• _Available records_
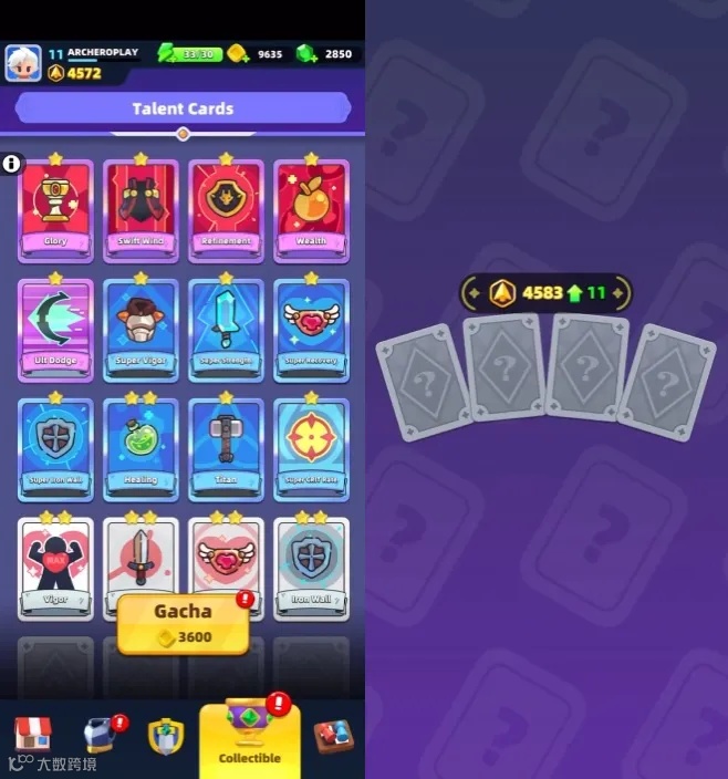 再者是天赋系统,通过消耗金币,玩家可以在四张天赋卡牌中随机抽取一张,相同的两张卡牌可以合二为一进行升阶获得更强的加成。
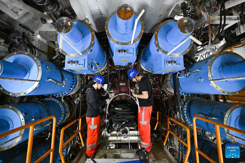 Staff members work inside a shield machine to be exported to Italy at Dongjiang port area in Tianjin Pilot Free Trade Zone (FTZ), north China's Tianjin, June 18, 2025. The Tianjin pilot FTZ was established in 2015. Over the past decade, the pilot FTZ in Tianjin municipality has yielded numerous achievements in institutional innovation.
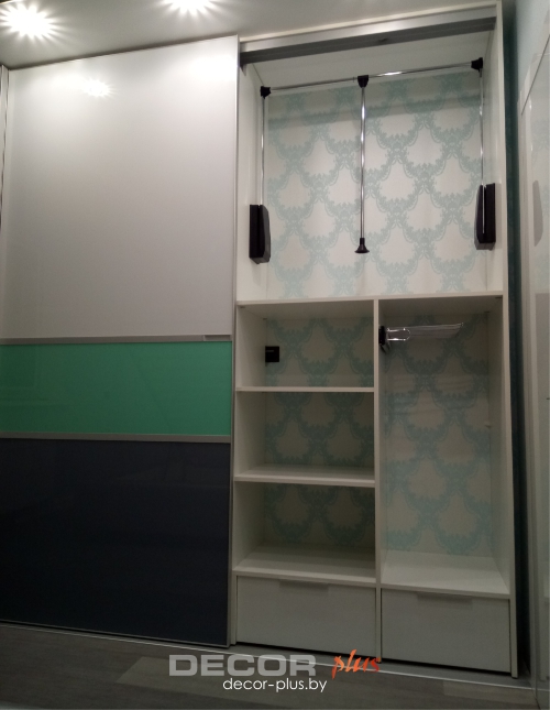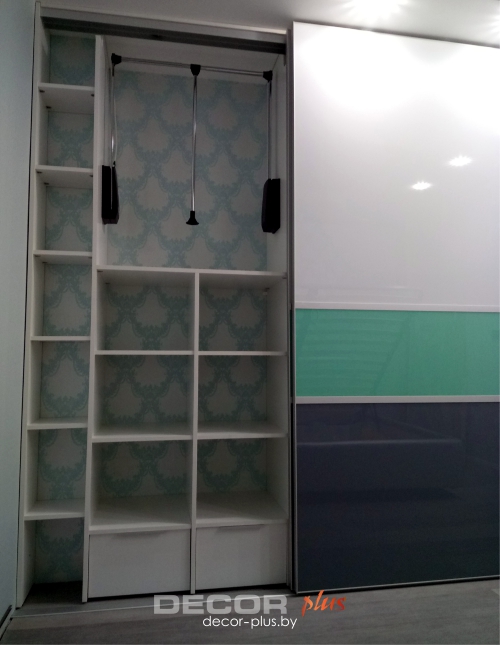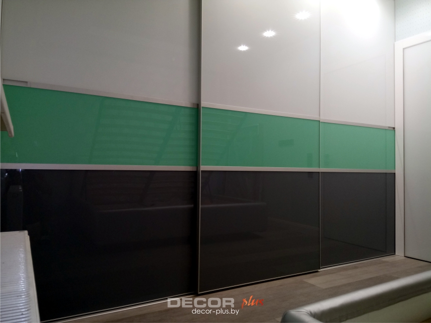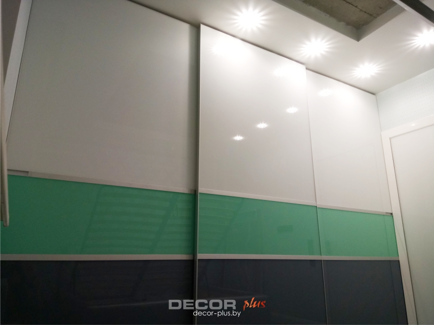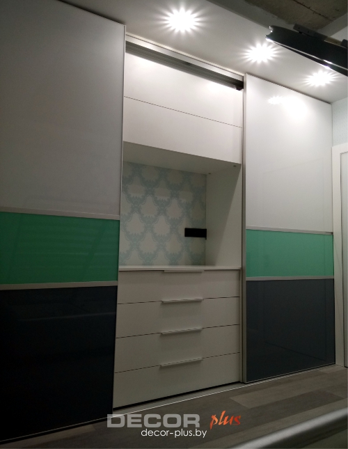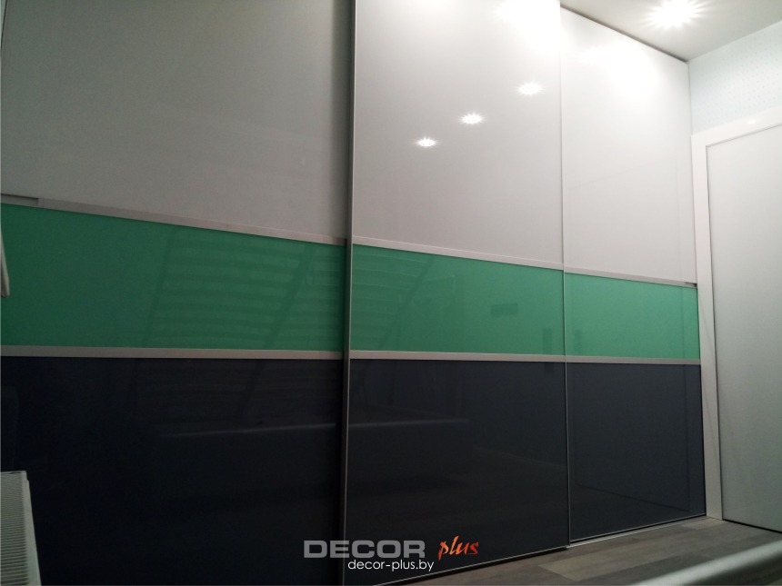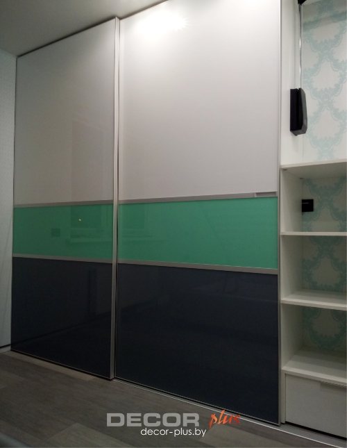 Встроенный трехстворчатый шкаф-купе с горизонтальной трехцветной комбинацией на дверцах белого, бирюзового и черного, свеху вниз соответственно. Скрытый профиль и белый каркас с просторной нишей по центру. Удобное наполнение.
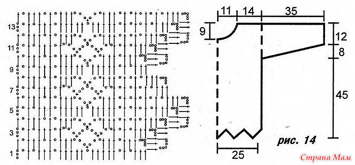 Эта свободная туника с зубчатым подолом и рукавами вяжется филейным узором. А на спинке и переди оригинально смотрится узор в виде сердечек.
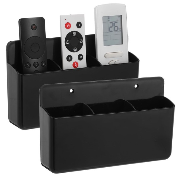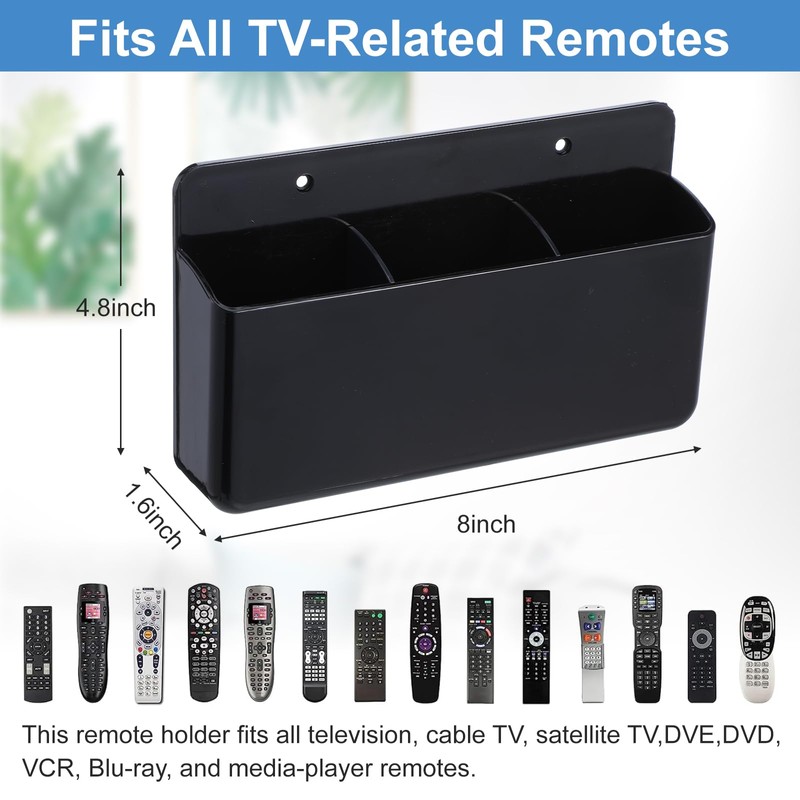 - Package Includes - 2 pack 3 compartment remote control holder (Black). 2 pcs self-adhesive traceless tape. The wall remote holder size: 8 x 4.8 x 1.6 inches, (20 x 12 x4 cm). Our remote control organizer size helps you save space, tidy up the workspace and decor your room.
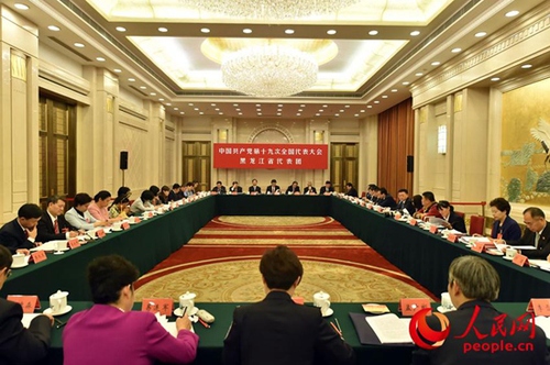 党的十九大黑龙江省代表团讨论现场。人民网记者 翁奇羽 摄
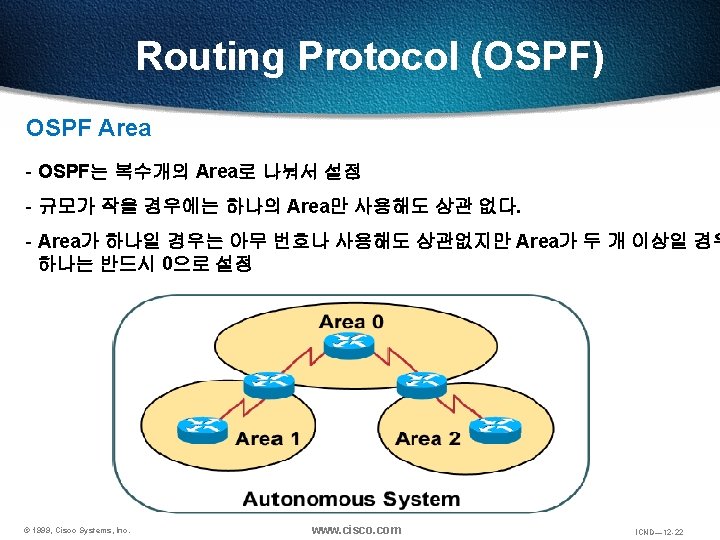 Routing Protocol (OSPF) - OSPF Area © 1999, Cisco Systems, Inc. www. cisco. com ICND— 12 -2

• _What to do_
All entries above must be repeated exactly; pictures are to be left out.

• _Your response_
 再者是天赋系统,通过消耗金币,玩家可以在四张天赋卡牌中随机抽取一张,相同的两张卡牌可以合二为一进行升阶获得更强的加成。
 Staff members work inside a shield machine to be exported to Italy at Dongjiang port area in Tianjin Pilot Free Trade Zone (FTZ), north China's Tianjin, June 18, 2025. The Tianjin pilot FTZ was established in 2015. Over the past decade, the pilot FTZ in Tianjin municipality has yielded numerous achievements in institutional innovation.
 Встроенный трехстворчатый шкаф-купе с горизонтальной трехцветной комбинацией на дверцах белого, бирюзового и черного, свеху вниз соответственно. Скрытый профиль и белый каркас с просторной нишей по центру. Удобное наполнение.
 Эта свободная туника с зубчатым подолом и рукавами вяжется филейным узором. А на спинке и переди оригинально смотрится узор в виде сердечек.
 - Package Includes - 2 pack 3 compartment remote control holder (Black). 2 pcs self-adhesive traceless tape. The wall remote holder size: 8 x 4.8 x 1.6 inches, (20 x 12 x4 cm). Our remote control organizer size helps you save space, tidy up the workspace and decor your room.
 党的十九大黑龙江省代表团讨论现场。人民网记者 翁奇羽 摄
 Routing Protocol (OSPF) - OSPF Area © 1999, Cisco Systems, Inc. www. cisco. com ICND— 12 -2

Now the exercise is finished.